10 de marzo de 2010

OLAS DE MIEDO

El genio incomprendido. El guitarrista que emerge desde el océano de feedback. Pero fundamentalmente, el tipo que le devolvió la vida al poeta maldito del rock n'roll.

La única y fortuita vez que vi a Robert Quine en persona me petrificó con la mirada. Yo habia entrado a Carmine St. Guitars en NYC buscando alguna guitarrita rara y zurda para poder probar. Encontré esa Danelectro china que sonaba un montón y que terminé comprando por menos de 300 dolares. La viola es, básicamente, un instrumento casi de juguete. Un charango electrico imposible de afinar.
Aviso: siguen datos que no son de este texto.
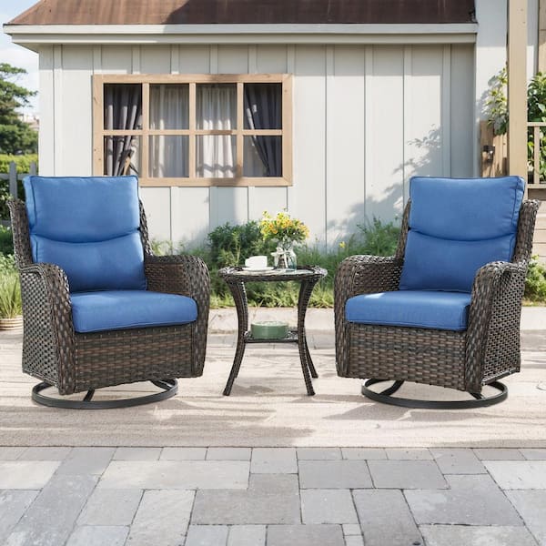 Carolina Brown Wicker 3-Piece Outdoor Swivel Glider Set Outdoor Conversation Set with Blue Thick Cushions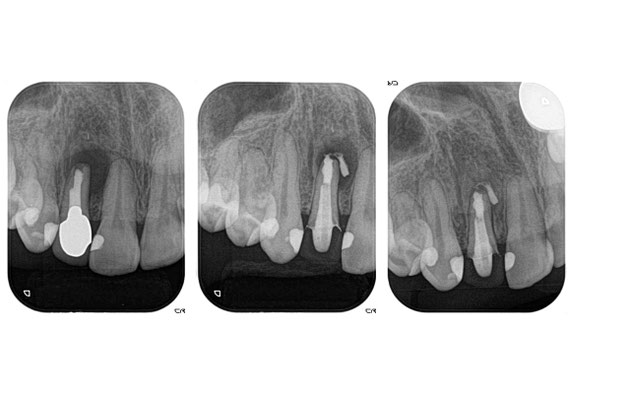 中央の写真:根管治療を行った後の状態です。内部をしっかり消毒し、MTAセメントという特殊な材料で根の先を封鎖しています。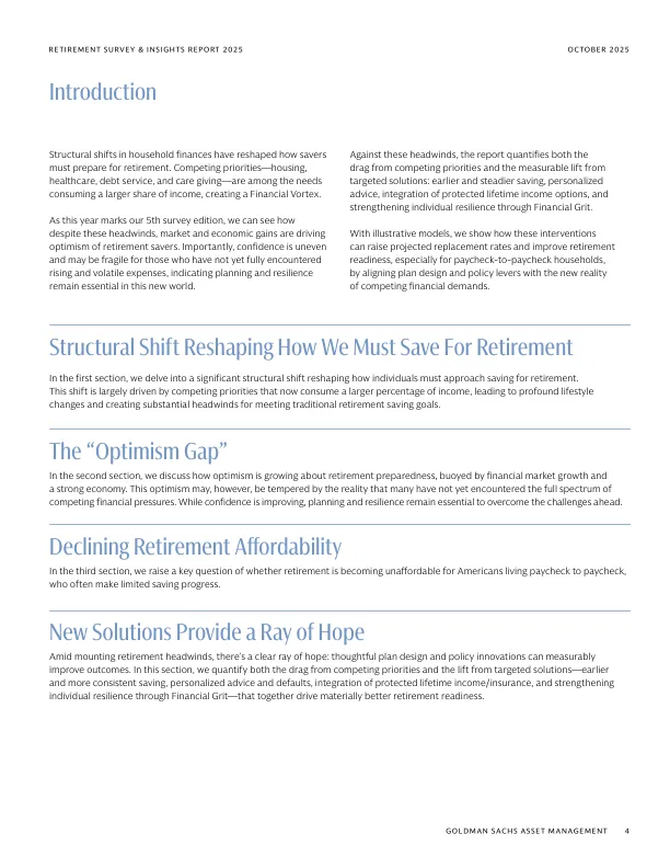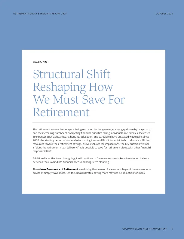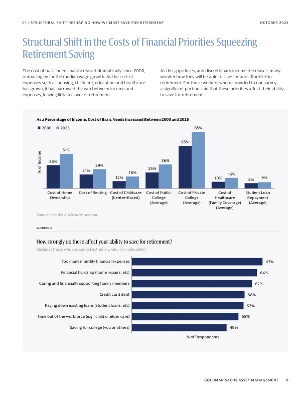 美国人的退休之路正变得前所未有的艰难。高昂的生活成本(住房、医疗、教育、育儿)像一个巨大的“财务漩涡”,吞噬了可用于储蓄的收入,导致许多人陷入“乐观但没钱”的矛盾困境。然而,报告也指出了一线希望:通过更早开始储蓄、利用个性化规划、采用创新的金融工具(如年金)以及培养“财务韧性”,个人和政策制定者仍能共同改善退休前景。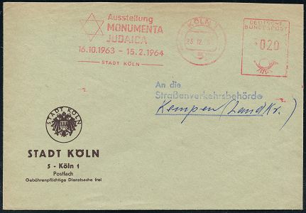 9297 | 20 € | 5000 KÖLN (Absender-Freistempel) : 5 KÖLN 1/ Ausstellung/ MONUMENTA/ JUDAICA../ STADT KÖLN 1964 (6.1.) seltener AFS Francotyp = Davidstern (AFS wie meist etw. abgenutzt) Kommunal-Bf., rs. Werbung, nur kurze Verwendungszeit! (Dü.E-26) | ![]() ![]() | |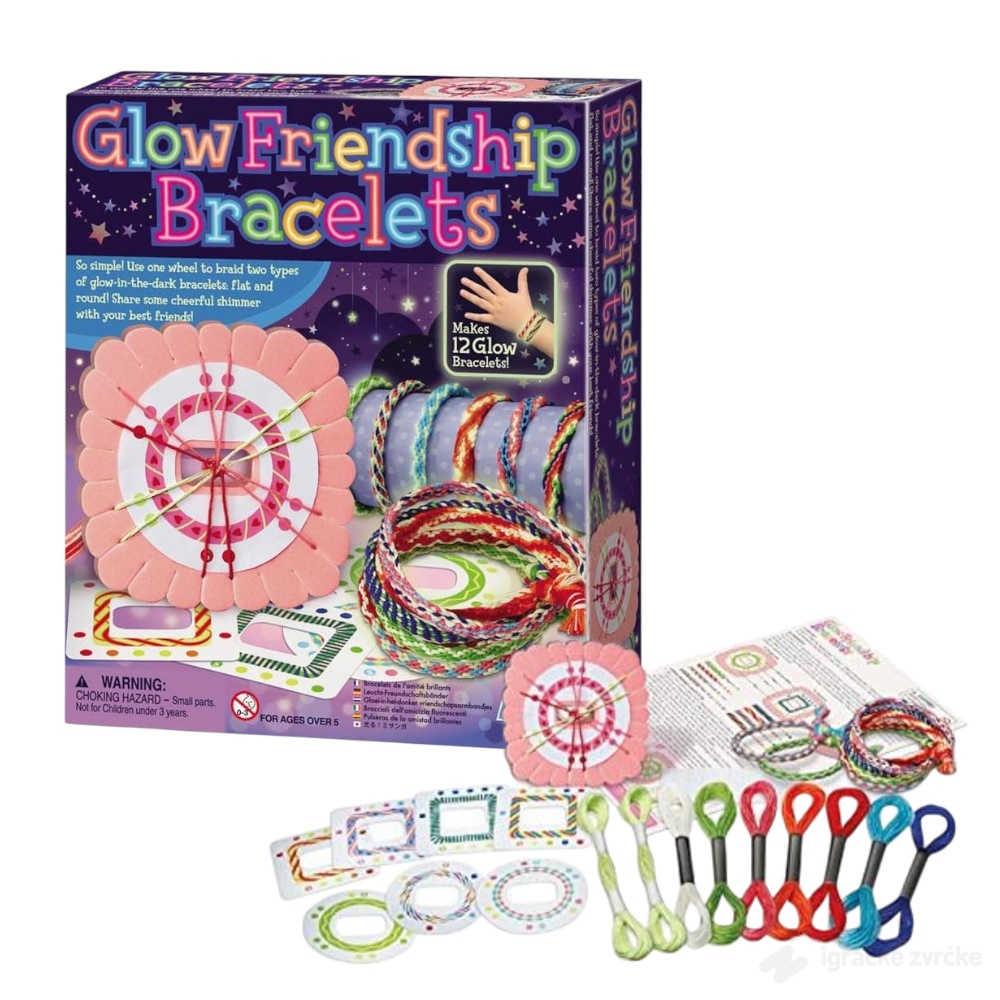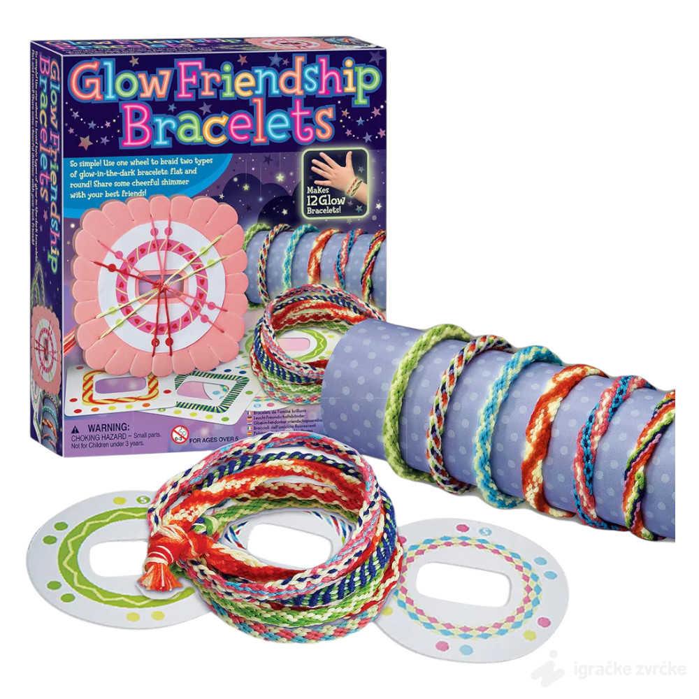 Ovaj zabavni kreativni set omogućava deci da naprave sopstvene narukvice prijateljstva koje svetle u mraku.

Quine estaba ahí, hablando con el dueño. Después me enteré que vivía enfrente. Yo apenas entré lo vi, y ya sabía que era él. Y me dieron ganas de abrazarlo. No dije nada. Lo miraba de reojo y en un momento pensé, ilusionado, que él escuchaba algo de lo que yo tocaba.

Robert Quine empezó el punk neoyorkino antes que casi nadie tocando con los Voidoids en el glorioso CBGB's. No habia todavía Sex Pistols ni Clash ni pelotudos con cresta sacando la lengua.
Este mismo tipo recogió a Lou Reed en cucharita cuando Lou ya era una caricatura, un chiste malo, en los ochenta, y lo hizo volver a lo grande con dos discazos (The Blue Mask y Legendary Hearts). Bob lo resucitó y le dió una segunda vida.

Quine era un virtuoso mas allá de los animales que lo rodeaban, un punk rocker por elección y no por limitaciones musicales. Y podía, entre el caos y el ruido, pelar licks de jazz como si estuviese zapando con Miles.
El punk verdadero salió de New York, y tenias que tener muchos huevos para tocarlo. Y Bob fue de los primeros en estar ahí. En el 77, mientras todos estaban duros en Studio 54 bailando disco bajo la pelota de cristales, el rock n'roll estaba en el downtown hirviendo desde un sótano.
Habia que tocar rapido, transpirar la camiseta y salir rajando antes de que te caguen a palos.

Si no lo viste nunca, te aseguro que la primera impresión que te da es la del anti-rock. Parecía un vendedor de autos usados a pocos días de jubilarse. Con esa actitud de "todo me importa realmente un carajo y tu cara tambien". Pelado, encorvado, la mandíbula desencajada, y con unos Ray Ban Wayfarer clavados en la cara dia y noche. Pero sus dedos siempre encendidos, humeantes.

Se dió el gusto de mandar a Lou Reed a la mierda y dedicarse a proyectos de free jazz extraños o a tocar con capos como Matthew Sweet, Marc Ribot y hasta Tom Waits. Pero en el 2004, hundido en la depresión por la muerte de su esposa, decidió matarse con un pinchazo letal de caballo. Igual que mi mejor amigo. Ahora que lo pienso, y aunque él no lo sabía, creo que Bob también era mi amigo.
Se lo tendría que haber dicho en la cara.

Bob Quine fue un fucking genio. Un genio por ser tan hardcore y dulce al mismo tiempo. Un verdadero guitarrista de rock. Asi de facil de decir, terriblemente dificil de lograr.

Ver a Quine tocar el solo en el tema de Lou, "Waves of Fear", te produce goce o espanto. Depende. Una canción que da miedo. Pero él le metió el solo mas enfermo y grandioso de la historia.
Si querés escuchar lo de siempre, alejáte de Quine. Te va a hacer mal......

4 comentarios:

Anónimo dijo...

me cayó muy bien este bob quine, no lo tenía

y eso que no me cabe ni un poco lou reed

Freako

Ruperto Medina dijo...

Tiene mucha onda; como el padre de milhouse tocando la viola; pero es asqueroso su solo. Es el desgano final: tipo, toco cualquier basofia en plan oficinista cansado, total estos giles flipan igual!

JmV dijo...

Queridos amigos musicos: estos posts son para ustedes: aprendan o sigan en la misma. Quine es un capo total. La vibra que tenia era imposible.
Evolucionemos por favor.

Anónimo dijo...

Tiene onda profesor gabinete,pero suena bien. Que Maximiliano Guerra, siga con el baile y no incursione más en el canto.